Alors que le nombre de plaintes concernant des viols ou des agressions sexuelles augmente dans le sillage du mouvement de libération de la parole, les parquets estiment que 61% des mis en cause sont "non poursuivables".

Nouvelle enquête dans l'affaire Patrick Poivre d'Arvor pour "viol", mise en examen de Yannick Agnel pour "viol et agression sexuelle sur mineure", ouverture d'une enquête préliminaire pour "viol" et "agression sexuelle" visant Nicolas Hulot… Les affaires de violences sexuelles se succèdent au fil des semaines.

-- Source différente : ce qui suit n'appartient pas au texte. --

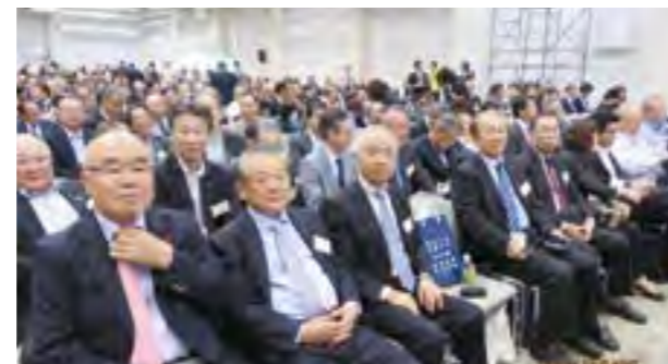
全国大会会場にて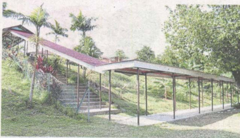
SMK Subang Jaya's covered walkway has been repaired.

SMK Subang Jaya students are now protected from the sun and rain after the completion of repairs to its covered walkway.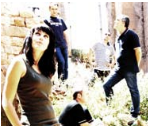
El grup Aston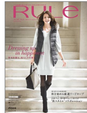
■『ルール 2013 秋冬号』 84 万部/124 ページ/A4 変形判 25 歳からのアクティブな女性に 向けたカジュアルファッション。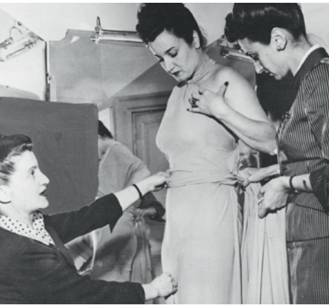
Le Sorelle Fontana nel loro atelier romano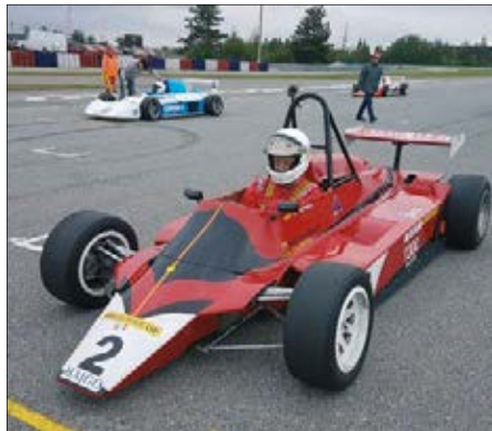
Beim Carboniacup 2015 in Most

Seitenkästen den Wagen an den Boden drückt. Der Motor ist ein 21011-Lada-Motor mit 1300 ccm Hubraum und bis zu 8500 Umdrehungen, das umgebaute Getriebe stammt vom Saporoshez 968. Dank Gitterrohrrahmen und Glasfaserteilen in der Verkleidung wiegt der Wagen nur 420 kg und kommt mit 120 PS auf 220 km/h. Alle von der FIA geforderten sicherheitsrelevanten Teile sind vorhanden, ansonsten nur Originalteile, wie es in den Rennen, an denen diese Wagen teilnehmen, gefordert ist. Gefahren wird mit Flugbenzin (Kerosin mit 108 Oktan).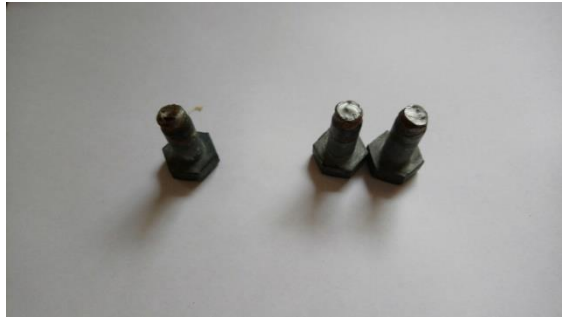
Skruen til venstre var knækket af sig selv – de to til højre knækkede under forsøget på at stramme dem.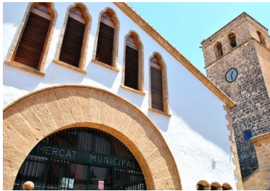
Jávea's historisches Stadtzentrum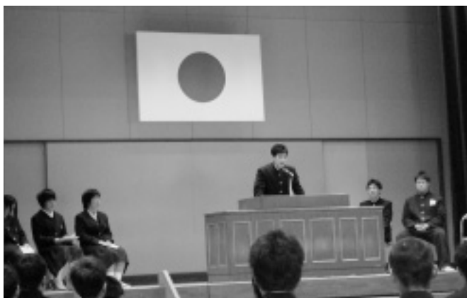
地域社会、日本、世界、そして自分のことについての 議論大会(伯方高校)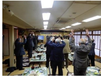
大内地区新年祝賀会 (1/24)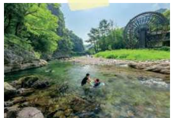
小半森林公園の風景

Dans le sillage du mouvement #MeToo, les victimes, dont 87% sont des femmes (PDF), se saisissent des médias, mais aussi de la justice, pour rompre le silence dans lequel elles se murent parfois pendant de longues années. Ainsi, en 2019, 56 000 plaintes pour violences sexuelles ont été déposées, soit 2,4 fois plus qu'en 2010, relève l'Insee dans son étude "Sécurité et société" parue en décembre. Une hausse, "plus marquée depuis 2018", que l'institut de la statistique attribue directement au contexte de "libération de la parole".

Reste qu'''à l'autre bout de la chaîne pénale, il y a très peu de condamnations", déplore auprès de franceinfo Isabelle Steyer, avocate spécialiste des droits des femmes et des enfants victimes de violences. En 2020, les parquets ont estimé que 61% des mis en cause identifiés dans ces dossiers étaient "non poursuivables", détaille la lettre de l'Observatoire des violences faites aux femmes publiée en novembre (PDF). Les plaintes sont majoritairement classées sans suite dès le stade de l'enquête préliminaire, en raison d'une "infraction insuffisamment caractérisée". Autrement dit, faute de preuves.

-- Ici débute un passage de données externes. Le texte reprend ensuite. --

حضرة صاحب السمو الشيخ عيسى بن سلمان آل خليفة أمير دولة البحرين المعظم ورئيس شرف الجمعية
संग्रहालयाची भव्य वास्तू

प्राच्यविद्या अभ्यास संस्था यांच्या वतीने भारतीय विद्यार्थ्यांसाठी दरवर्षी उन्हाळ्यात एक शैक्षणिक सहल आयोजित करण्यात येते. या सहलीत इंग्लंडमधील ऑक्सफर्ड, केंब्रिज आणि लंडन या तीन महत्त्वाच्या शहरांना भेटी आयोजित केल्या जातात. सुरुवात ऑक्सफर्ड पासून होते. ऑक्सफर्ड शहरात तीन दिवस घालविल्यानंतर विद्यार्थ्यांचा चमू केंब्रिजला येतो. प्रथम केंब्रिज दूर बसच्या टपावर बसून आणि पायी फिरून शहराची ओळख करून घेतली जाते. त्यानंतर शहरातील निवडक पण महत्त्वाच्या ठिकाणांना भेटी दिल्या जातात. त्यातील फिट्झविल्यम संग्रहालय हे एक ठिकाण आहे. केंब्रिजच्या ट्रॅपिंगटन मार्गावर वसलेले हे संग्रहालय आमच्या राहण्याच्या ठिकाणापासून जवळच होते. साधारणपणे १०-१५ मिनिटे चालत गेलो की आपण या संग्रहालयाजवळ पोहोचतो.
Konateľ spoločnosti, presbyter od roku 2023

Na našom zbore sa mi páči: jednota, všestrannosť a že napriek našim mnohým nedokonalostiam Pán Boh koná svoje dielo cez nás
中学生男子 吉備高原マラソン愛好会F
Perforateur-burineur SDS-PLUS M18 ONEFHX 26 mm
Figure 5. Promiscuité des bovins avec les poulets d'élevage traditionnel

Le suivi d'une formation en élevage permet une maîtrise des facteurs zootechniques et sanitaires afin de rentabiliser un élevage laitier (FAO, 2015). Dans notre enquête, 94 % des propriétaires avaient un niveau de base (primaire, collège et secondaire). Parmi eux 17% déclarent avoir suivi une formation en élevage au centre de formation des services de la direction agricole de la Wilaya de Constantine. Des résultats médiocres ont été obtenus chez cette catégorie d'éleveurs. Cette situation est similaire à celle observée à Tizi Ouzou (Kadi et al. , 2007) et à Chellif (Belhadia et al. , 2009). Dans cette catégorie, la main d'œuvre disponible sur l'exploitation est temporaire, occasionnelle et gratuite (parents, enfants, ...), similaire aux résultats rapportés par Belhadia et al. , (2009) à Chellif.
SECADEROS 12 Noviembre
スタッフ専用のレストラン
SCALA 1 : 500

Ces classements peuvent en partie s'expliquer par la spécificité des affaires de violences sexuelles, qui se déroulent souvent à huis clos, sans témoin direct. En outre, "très souvent", l'absence d'"éléments matériels" et les "souvenirs imprécis de la victime" ne "permettent pas au procureur de considérer que les éléments constitutifs de l'infraction de viol ou d'agression sexuelle [la violence, la contrainte, la menace ou la surprise] sont réunis", justifiait le ministère de la Justice en 2018 (PDF).

"Le viol est le crime le plus difficile à prouver", rappelle Véronique Le Goaziou, autrice de Viol : que fait la justice ? (Presses de Sciences Po, 2019). La sociologue s'est plongée dans "des centaines de dossiers judiciaires" pour comprendre en détail ces classements sans suite. "Le cas le plus typique, ce sont les affaires où les plaignantes sont dans l'incapacité de produire un récit suffisamment élaboré des faits parce qu'elles avaient bu ou étaient sous l'emprise de stupéfiants", expose la chercheuse.